In the latter year he entered and won the competition for the Alabama State Capitol in Montgomery with a Roman Revival design. Relocating to the Philadelphia area, he formed a partnership with his brother-in-law, Joseph C. Hoxie, in 1848. This formal relationship continued until about 1852 when it was dissolved by mutual agreement. The earliest known Hoxie & Button design is the Egyptianesque Odd Fellows’ Cemetery Entrance, built around 1849 in Philadelphia. By the 1850s, however, Button appears to have fully embraced the picturesque, eclectic, and flexible Italianate style that would characterize most of his important commissions, such as the Spring Garden Institute, from around 1851-1852, and the Romanesque First Baptist Church, built between 1853 and 1856. In 1854 Button entered the competition for the Academy of Music and secured the second premium after the winning design of Lebrun and Runge. In 1858 he designed the more conservative Colestown Cemetery gatehouse, which still stands at the corner of Church Road and Kings Highway.

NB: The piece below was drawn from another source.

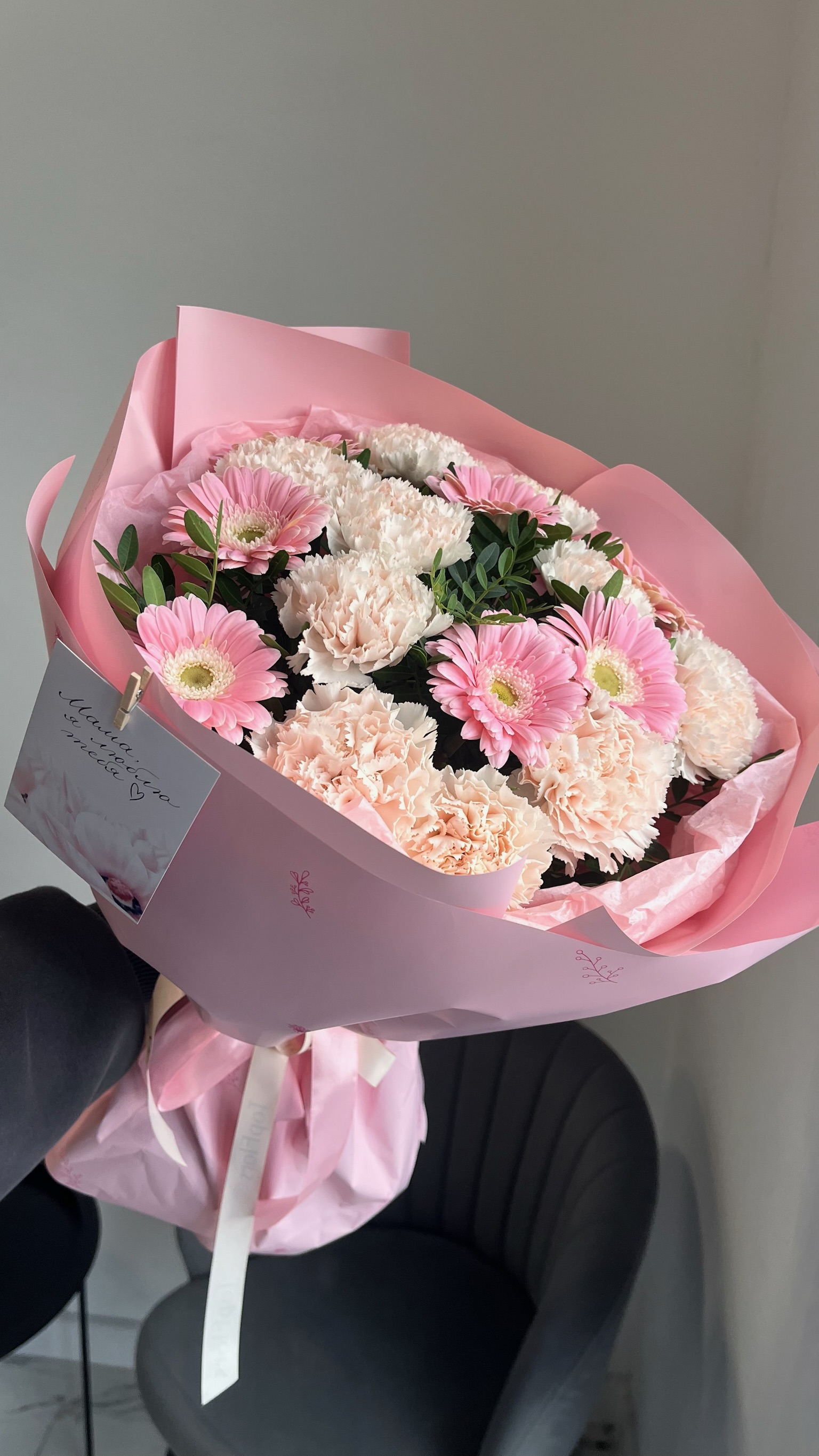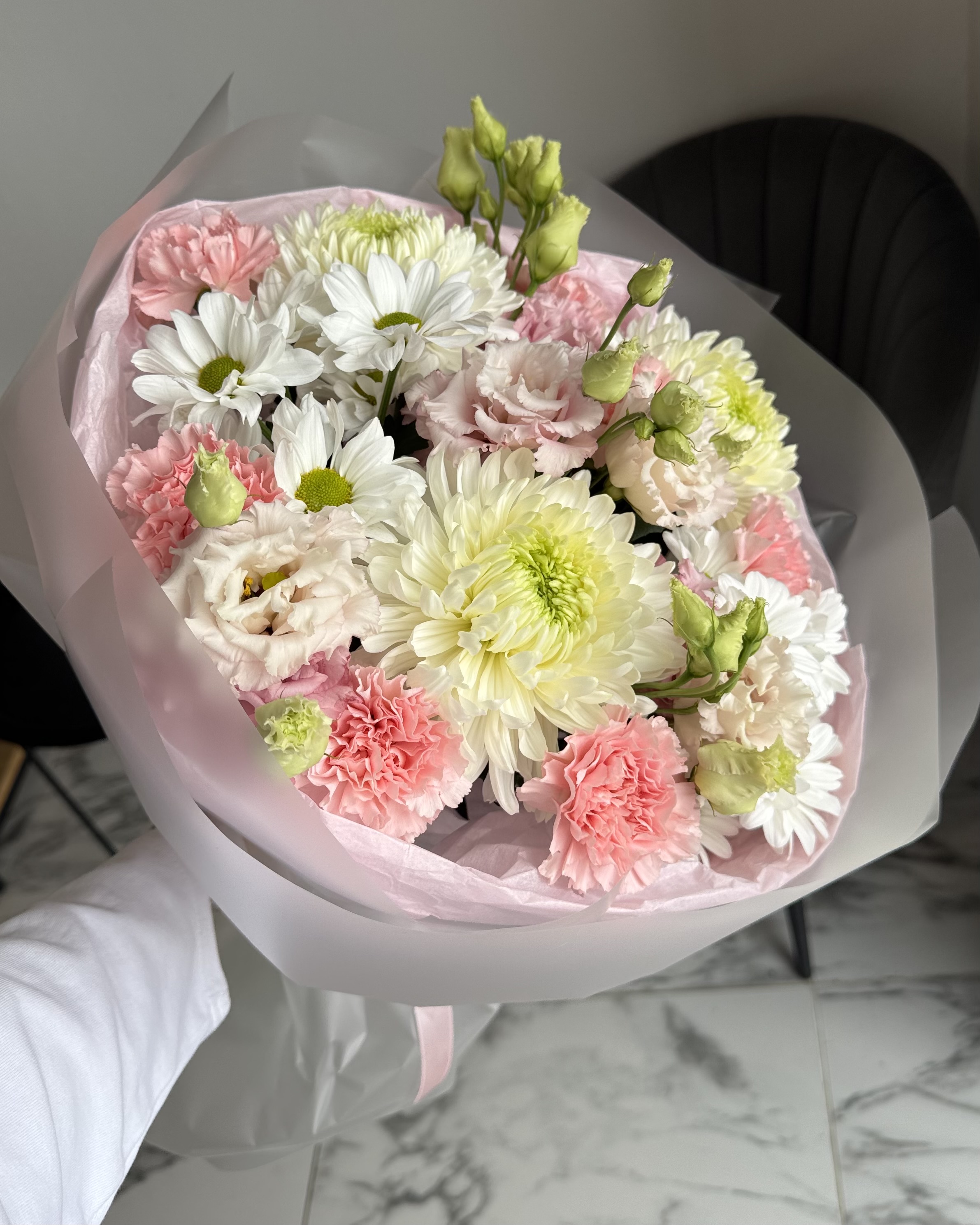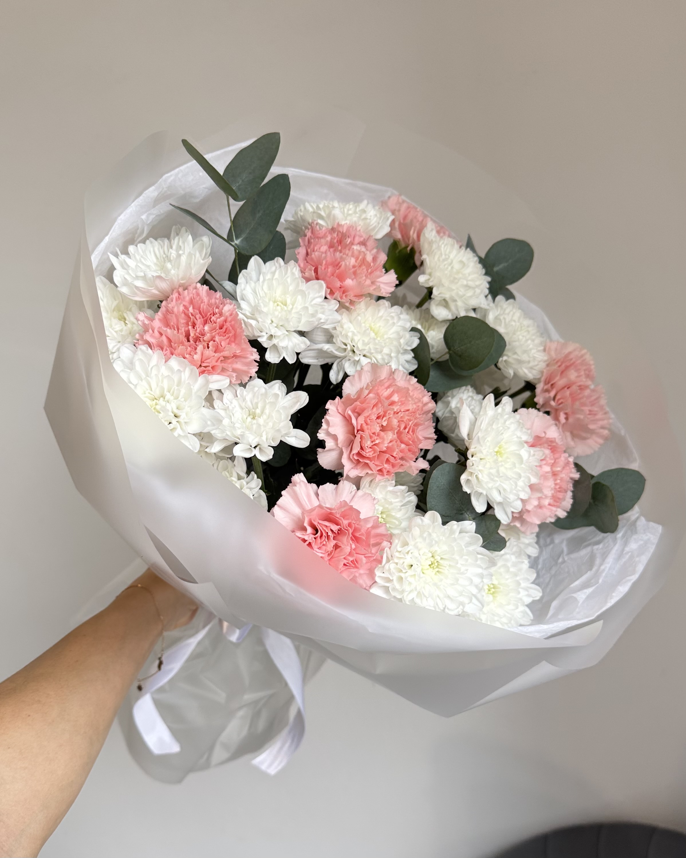 Этот букет - словно дыхание свежести и чистоты. Пышные белые кустовые хризантемы напоминают облака, сотканные из нежности, а изящные диантусы добавляют тонкие акварельные штрихи. Вместе они создают гармонию простоты и изысканности, говоря без слов о трепетном внимании.

A successful contemporary of Thomas Ustick Walter and Samuel Sloan, Button was one of the organizers of the Pennsylvania Institute of Architects in 1861 which later became the Philadelphia Chapter of the American Institute of Architects. His practice was largely confined to Philadelphia, Camden, NJ, where he designed the City Hall and several schools and churches, and New Jersey shore communities.

In Camden, Stephen Decatur Button’s most lasting work has been the Richard Fetters School on the southwest corner of South 3rd Street at Walnut Street. Erected in 1875 along with two identical twin structures, the Isaac S. Mulford School which was diagonally across the street, and the John W. Mickle School at 6th and Van Hook Streets, Fetters remains in use in use in 2007, long after many schools built subsequently were abandoned. The design in Camden that he was most recognized for in his day was of course Camden’s City Hall, which stood on Haddon Avenue, and remained in use until its replacement in 1930. He also designed the First Presbyterian Church, and the Second Presbyterian Church.

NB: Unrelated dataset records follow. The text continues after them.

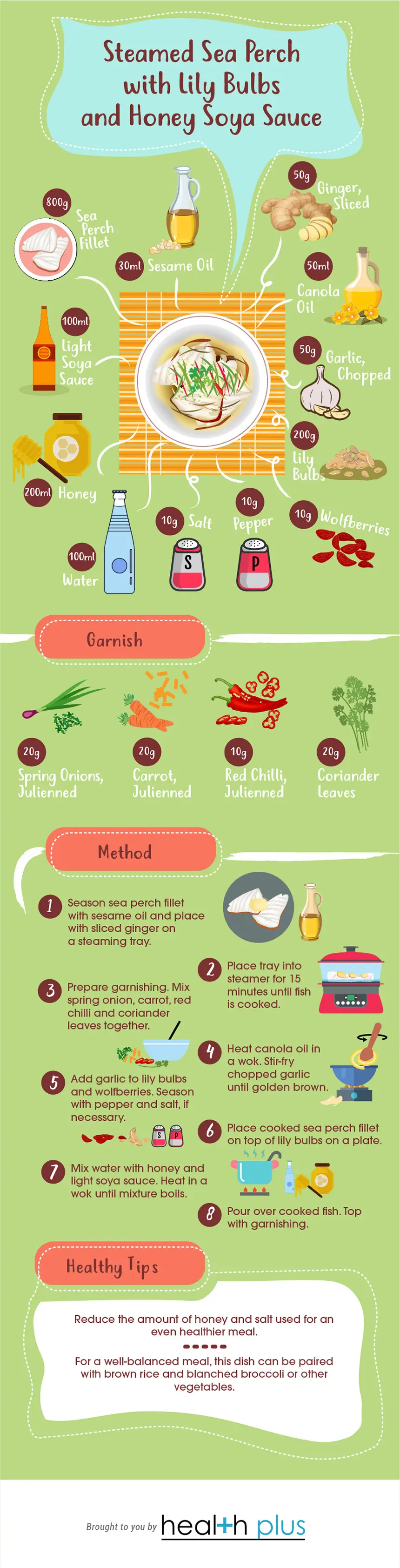 Wracking your brains for a simple yet healthy dish to prepare for your guests? Try cooking this dish! Made with mostly natural and fresh ingredients, it minimises the use of sugar and other unnecessary flavourings to bring out the authentic taste of the fish.
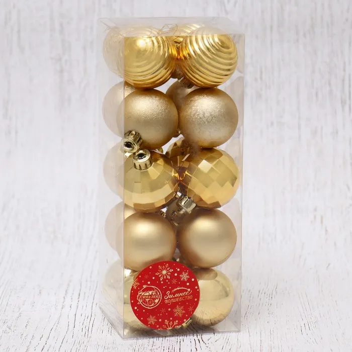 Ёлочные игрушки, шары новогодние , пластик, набор d-4 см, 20 шт "Диско ассорти" золото — Характеристики
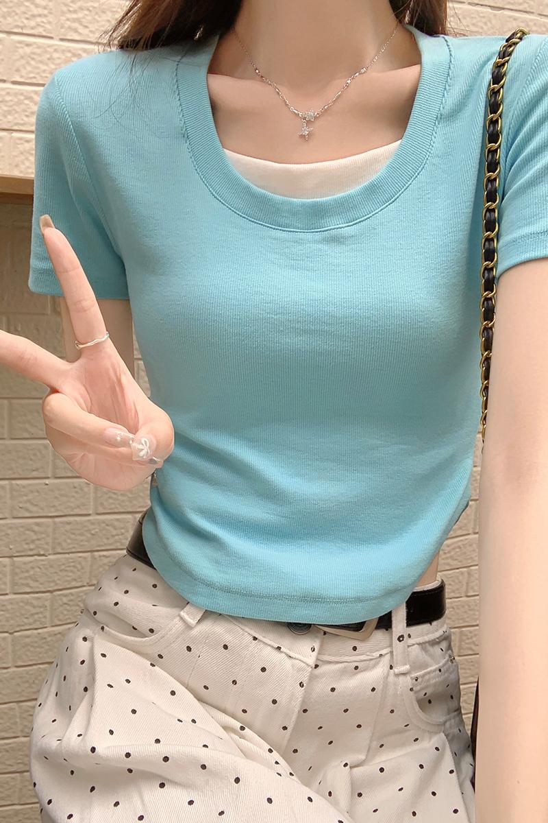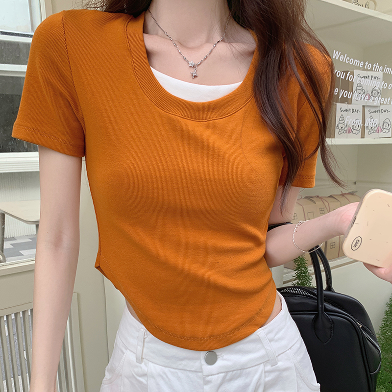 Orange 가짜 2 피스 U-넥 스트레이트 어깨 짧은 슬리프 티셔츠 여름에 여성을위한 New Slim Short Top

Besides his work in Camden and Philadelphia, Stephen Decatur Button also designed at least 30 buildings in Cape May and Sea Isle City, may of which remain in use today. Among his works were the Chalfont, Congress Hall, and Stockton Hotels.

Stephen D. Button has been characterized by his biographer as “a capable, financially successful architect much in demand in the Philadelphia area” in the mid-nineteenth century.”

Stephen Decatur Button had moved to Camden by October of 1854 when his wife Hannah Mariah, bore him a son, William Goodwill Button. A daughter, Maria Lydia, known as Lydia, came two years later. The Buttons made there home at 330 Mickle Street. They still lived there at the time of the 1880 Census, although William had wed and moved out on his own.

Stephen Decatur Button would remain at that address though the rest of his life. By 1887 his neighbor at 328 Mickle just happened to be the famous poet Walt Whitman. One can only speculate on whether these two creative individuals influenced any of the other’s work. As an old man, he didn’t wear glasses to do his work.. When he was eighty, in June 1893, Mr. Button was presented with an illuminated testimonial to which were appended the names of forty architects of various parts of the country. A sketch of his life was published in the Philadelphia papers, and on his anniversary he was deluged by telegrams of congratulations from friends throughout the country.

Mr. Button died on January 17, 1897. He gave his valuable architectural library to the Philadelphia Chapter of the American Institute of Architects. Stephen Button was also a one of the most learned mineralogists in South Jersey, and had a private collection of rare and beautiful specimens. This collection was given to the South Jersey Institute.

Stephen Decatur Bunting was succeeded in his office at 430 Walnut Street in Philadelphia by Schermerhorn & Reinhold. During his life he was a member of the following organizations, the American Institute of Architects (the AIA), the Philadelphia Chapter of the AIA, and the Pennsylvania Institute of Architects. He also was affiliated with the Spring Garden Institute.